Spinal cord injury usually causes permanent impairments and results in tremendous medical sequelae [4]. With the improved health care, the early phase death rate is decreasing and the life expectancy for persons with SCI is obviously increasing [4,5]. As long as the life span increasing, the quality of life (QOL) has gradually become one of the major rehabilitation objectives and important indicators of rehabilitation effectiveness [4,6]. Subjective QOL, such as happiness, psychological well-being, and life satisfaction, in persons with SCI has been reported lower than that of non-SCI group [7]. In addition, based on a meta-analysis research the QOL is fairly consistently correlated with social participation level, but not with the impairment severity of body function and structures [7]. White neck (2004) also pointed out that the severity of a spinal cord injury is not the best predictor of long-term outcomes [8].

According to National Spinal Cord Injury Statistical Center (NSCISC), 59% of persons with SCI, aged from 16 to 59, were employed when they falling the mishap. Nevertheless, only 29% of them retained their jobs after eight years from accidence [9]. The employment rate was low for individuals with SCI [10]. Targett and his colleague believed that in addition to the personal sense of achievement, social identity can also promote life satisfaction for patients with paraplegia [9]. Chou et al.’s article also noted that the employed persons with SCI have better QOL than those nonemployed. There was evident positive correlation between job satisfaction and QOL for persons with SCI [11].

Taiwan’s Disability Evaluation System (DES) adopts the conceptual framework of the World Health Organization’s “International Classification of Functioning, Disability, and Health (ICF)”. The medical teams of the authorized hospitals, dated from July eleventh, 2012, started to assess persons with disabilities in two aspects: one was focused on the body function and structure; and the other was on activities and participation. With the reference to WHO Disability Assessment Schedule II (WHODAS 2.0), based on the 36-question version, the ICF team got permission to translated into Chinese and revised it into “The Functioning Scale of the Disability Evaluation System-Adult Version (shortened as FUNDES-Adult) to measure the individual’s activity and participation restriction on six domains: Cognition, Mobility, Self-care, Getting along with others, Life activities (household/work or school activities), and Participation [12].
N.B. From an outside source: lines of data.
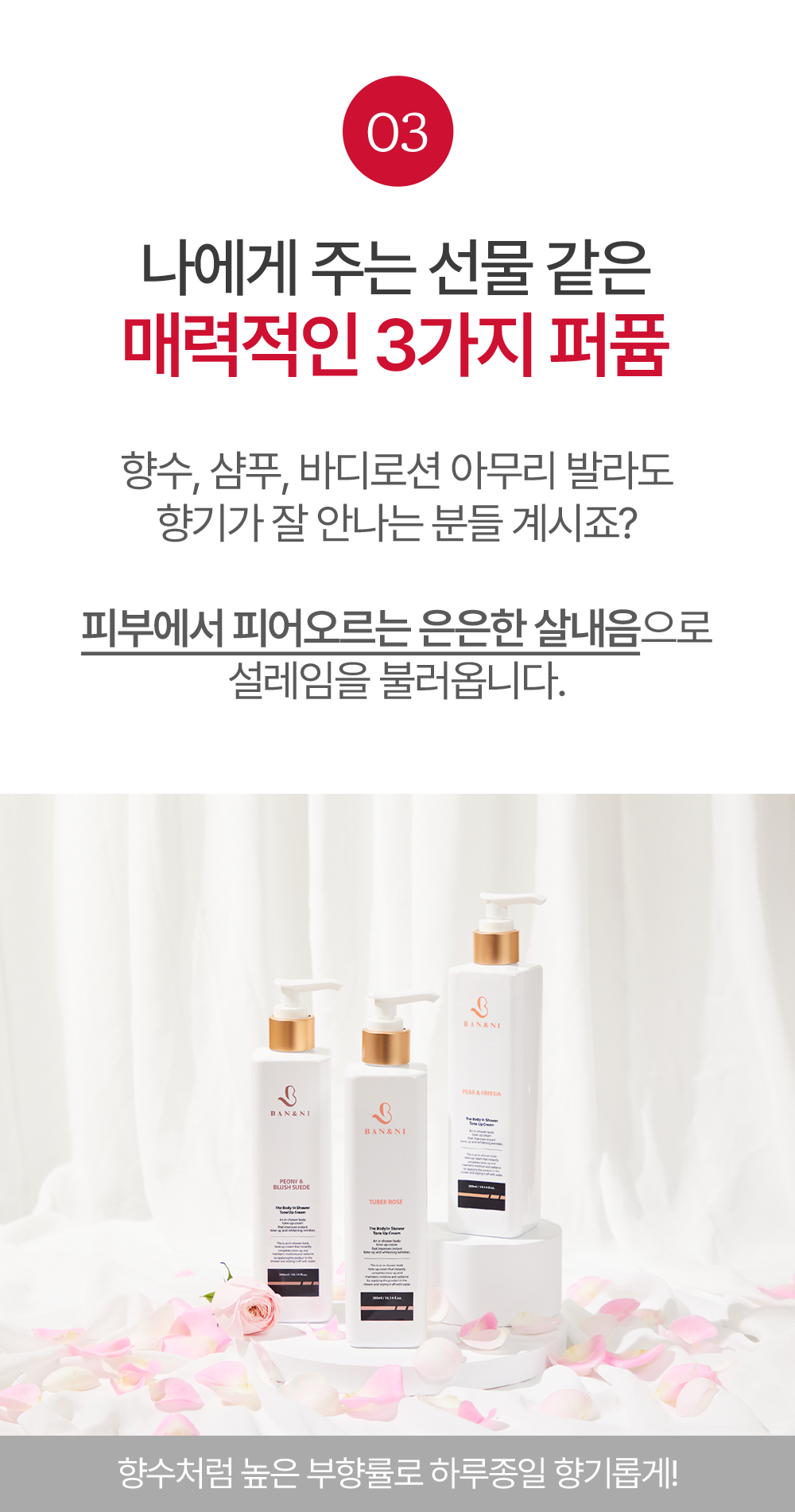 * Đặc biệt, có ba loại hương nước hoa nên bạn có thể cảm nhận được mùi hương dễ chịu cũng như làm săn chắc cơ thể, bổ sung độ ẩm:
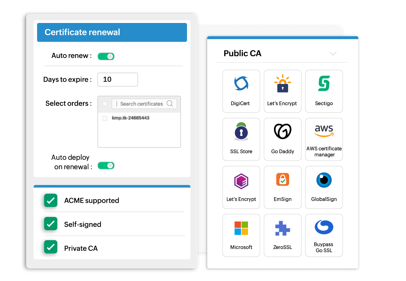 When Key Manager Plus automatically renews certificates the renewed certificates can be automatically deployed to their target locations. Whether signed from public CAs, private CAs, or through self-signing, your certificates get deployed regardless of the issuing authority.
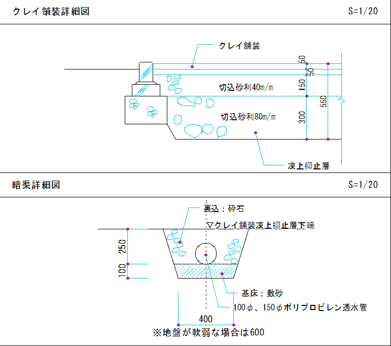 凍上抑止層は、下層が、切込砕石80mmで厚さ300mm、
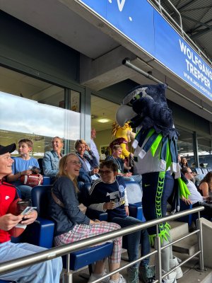Wir sind Euch noch unseren kurzen Bericht über den Besuch unseres Ehrengastes und seiner Familie beim Rhein Fire -Spiel gegen die Hamburg Seadevils schuldig.
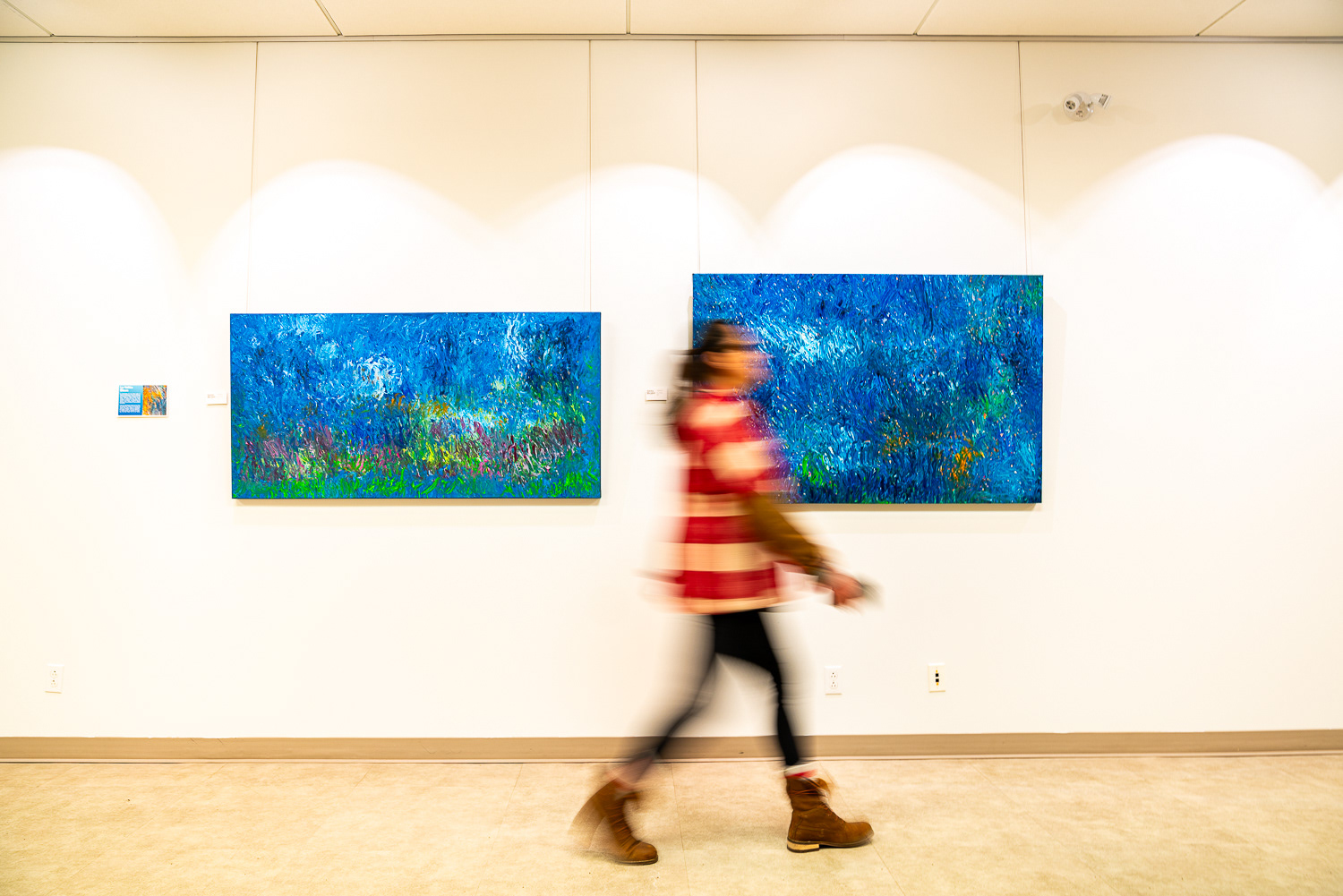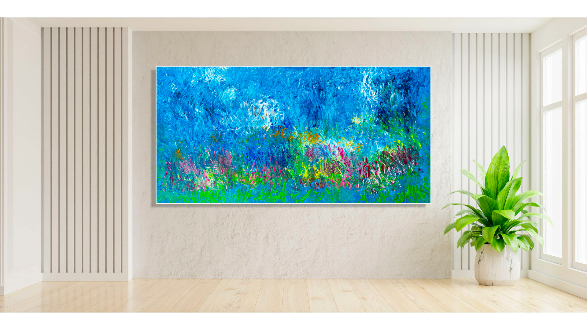 Cette dernière toile intitulée « La Vallée bleue", capture l'émerveillement d'un paysage sans borne définie. Les traits délicats de couleurs à l'huile, ponctués de touches vives, évoquent une profusion de vie dans cette vallée onirique.

The aims of current research are to investigate the relationships between participation restriction and quality of life in persons with spinal cord injury, and to compare differences of the quality of life and participation restriction between two groups, with or without employment.

Methods

This is a concurrent study and it has been approved with the ethical review done by Institutional Review Boards of two general hospitals. All participants had their written consents before enter this study.

Participants

Thirty-six patients with paraplegia, aged from 18 to 55 years, were invited to participate in this study. The participants were recruited from a rehabilitation department of an area hospital and a Spinal Cord Injury Association in central Taiwan. All the participants were diagnosed by neurologists as traumatic paraplegia and with disability identifications. The exclusion criteria were: brain injuries, cognitive dysfunction, visual and hearing impairments. Each participant received interview by a qualified interviewer of the Functioning Scale of the Disability Evaluation System and filled out the Quality of Life Questionnaires for Patients with Spinal Cord Injury. Their demographic data were shown in Table 1.